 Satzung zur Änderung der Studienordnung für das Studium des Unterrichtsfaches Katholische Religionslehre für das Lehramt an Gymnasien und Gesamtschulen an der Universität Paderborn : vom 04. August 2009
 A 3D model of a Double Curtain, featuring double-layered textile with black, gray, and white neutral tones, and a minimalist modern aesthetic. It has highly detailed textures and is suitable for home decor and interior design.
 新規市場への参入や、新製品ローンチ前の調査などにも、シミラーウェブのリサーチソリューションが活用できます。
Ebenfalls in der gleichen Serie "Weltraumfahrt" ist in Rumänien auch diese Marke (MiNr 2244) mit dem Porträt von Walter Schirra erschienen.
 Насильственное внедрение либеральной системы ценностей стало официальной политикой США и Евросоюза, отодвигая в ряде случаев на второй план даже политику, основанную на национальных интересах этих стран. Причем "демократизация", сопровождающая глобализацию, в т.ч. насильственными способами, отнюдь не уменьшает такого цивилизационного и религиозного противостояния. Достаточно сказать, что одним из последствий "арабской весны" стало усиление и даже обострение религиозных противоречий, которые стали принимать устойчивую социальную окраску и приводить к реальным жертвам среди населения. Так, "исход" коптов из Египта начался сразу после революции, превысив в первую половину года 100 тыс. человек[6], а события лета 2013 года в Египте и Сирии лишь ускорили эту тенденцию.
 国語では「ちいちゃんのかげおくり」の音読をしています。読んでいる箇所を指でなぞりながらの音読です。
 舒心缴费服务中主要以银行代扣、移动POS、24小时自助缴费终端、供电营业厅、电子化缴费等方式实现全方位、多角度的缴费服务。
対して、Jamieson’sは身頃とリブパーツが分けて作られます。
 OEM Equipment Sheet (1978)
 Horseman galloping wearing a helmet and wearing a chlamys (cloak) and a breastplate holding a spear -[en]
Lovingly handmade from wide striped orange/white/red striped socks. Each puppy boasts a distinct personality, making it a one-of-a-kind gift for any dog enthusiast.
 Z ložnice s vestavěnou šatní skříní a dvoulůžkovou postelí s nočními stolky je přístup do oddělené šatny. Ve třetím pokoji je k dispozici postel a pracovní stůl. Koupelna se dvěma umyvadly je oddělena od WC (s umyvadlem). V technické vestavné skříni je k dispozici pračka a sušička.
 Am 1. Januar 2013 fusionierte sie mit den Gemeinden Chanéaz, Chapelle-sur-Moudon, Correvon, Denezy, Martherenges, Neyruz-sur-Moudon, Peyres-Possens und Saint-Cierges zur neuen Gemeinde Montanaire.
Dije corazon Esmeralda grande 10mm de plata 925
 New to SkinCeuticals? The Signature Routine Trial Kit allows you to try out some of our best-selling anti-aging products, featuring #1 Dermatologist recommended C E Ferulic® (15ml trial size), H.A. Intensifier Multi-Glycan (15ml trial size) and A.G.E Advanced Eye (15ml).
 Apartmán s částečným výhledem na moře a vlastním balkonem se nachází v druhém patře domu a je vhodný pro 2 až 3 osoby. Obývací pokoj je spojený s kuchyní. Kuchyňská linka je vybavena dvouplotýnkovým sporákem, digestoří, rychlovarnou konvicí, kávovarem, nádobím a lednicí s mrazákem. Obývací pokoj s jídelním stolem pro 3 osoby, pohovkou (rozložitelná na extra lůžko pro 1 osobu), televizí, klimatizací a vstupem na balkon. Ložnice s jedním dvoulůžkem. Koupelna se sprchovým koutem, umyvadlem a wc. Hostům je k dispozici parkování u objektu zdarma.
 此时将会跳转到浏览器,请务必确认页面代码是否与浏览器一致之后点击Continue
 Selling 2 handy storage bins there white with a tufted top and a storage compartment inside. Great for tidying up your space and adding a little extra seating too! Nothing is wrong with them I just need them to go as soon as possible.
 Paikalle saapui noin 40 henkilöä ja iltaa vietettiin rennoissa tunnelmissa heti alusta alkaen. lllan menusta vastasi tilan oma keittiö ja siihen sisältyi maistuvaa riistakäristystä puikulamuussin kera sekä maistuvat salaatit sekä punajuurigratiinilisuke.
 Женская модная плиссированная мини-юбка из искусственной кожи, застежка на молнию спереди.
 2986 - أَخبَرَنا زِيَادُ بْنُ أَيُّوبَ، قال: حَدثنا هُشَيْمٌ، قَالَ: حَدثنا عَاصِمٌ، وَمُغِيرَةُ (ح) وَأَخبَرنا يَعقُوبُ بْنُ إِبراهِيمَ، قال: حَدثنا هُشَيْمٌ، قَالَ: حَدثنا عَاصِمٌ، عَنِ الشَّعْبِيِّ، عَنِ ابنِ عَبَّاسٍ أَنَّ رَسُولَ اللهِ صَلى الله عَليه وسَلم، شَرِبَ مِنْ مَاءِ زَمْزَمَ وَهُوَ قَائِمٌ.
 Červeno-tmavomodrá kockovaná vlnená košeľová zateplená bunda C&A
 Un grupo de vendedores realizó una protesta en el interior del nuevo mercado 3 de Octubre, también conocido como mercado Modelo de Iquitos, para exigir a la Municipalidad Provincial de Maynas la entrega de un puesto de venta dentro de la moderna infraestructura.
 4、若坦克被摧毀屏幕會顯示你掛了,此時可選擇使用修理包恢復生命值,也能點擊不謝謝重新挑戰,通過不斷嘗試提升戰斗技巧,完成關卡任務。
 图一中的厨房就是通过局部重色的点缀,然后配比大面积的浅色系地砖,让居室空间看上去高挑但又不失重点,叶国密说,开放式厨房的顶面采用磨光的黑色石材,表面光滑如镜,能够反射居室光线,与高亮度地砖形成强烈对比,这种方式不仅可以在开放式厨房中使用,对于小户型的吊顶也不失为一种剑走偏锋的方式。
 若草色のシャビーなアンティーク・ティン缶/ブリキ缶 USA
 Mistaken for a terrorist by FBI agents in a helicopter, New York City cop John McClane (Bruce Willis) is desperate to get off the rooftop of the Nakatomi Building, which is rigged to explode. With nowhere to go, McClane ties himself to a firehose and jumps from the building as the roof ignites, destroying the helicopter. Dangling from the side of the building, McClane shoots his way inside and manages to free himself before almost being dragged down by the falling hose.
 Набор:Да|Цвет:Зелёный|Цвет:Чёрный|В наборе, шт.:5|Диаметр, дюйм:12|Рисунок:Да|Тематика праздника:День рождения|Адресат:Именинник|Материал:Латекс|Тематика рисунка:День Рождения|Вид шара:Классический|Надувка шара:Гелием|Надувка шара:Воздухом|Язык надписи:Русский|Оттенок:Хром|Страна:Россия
────────────────────────────────────────
Work instruction =
State the number of lines in the listing above that include "interior", and add nothing else.

Your response =
2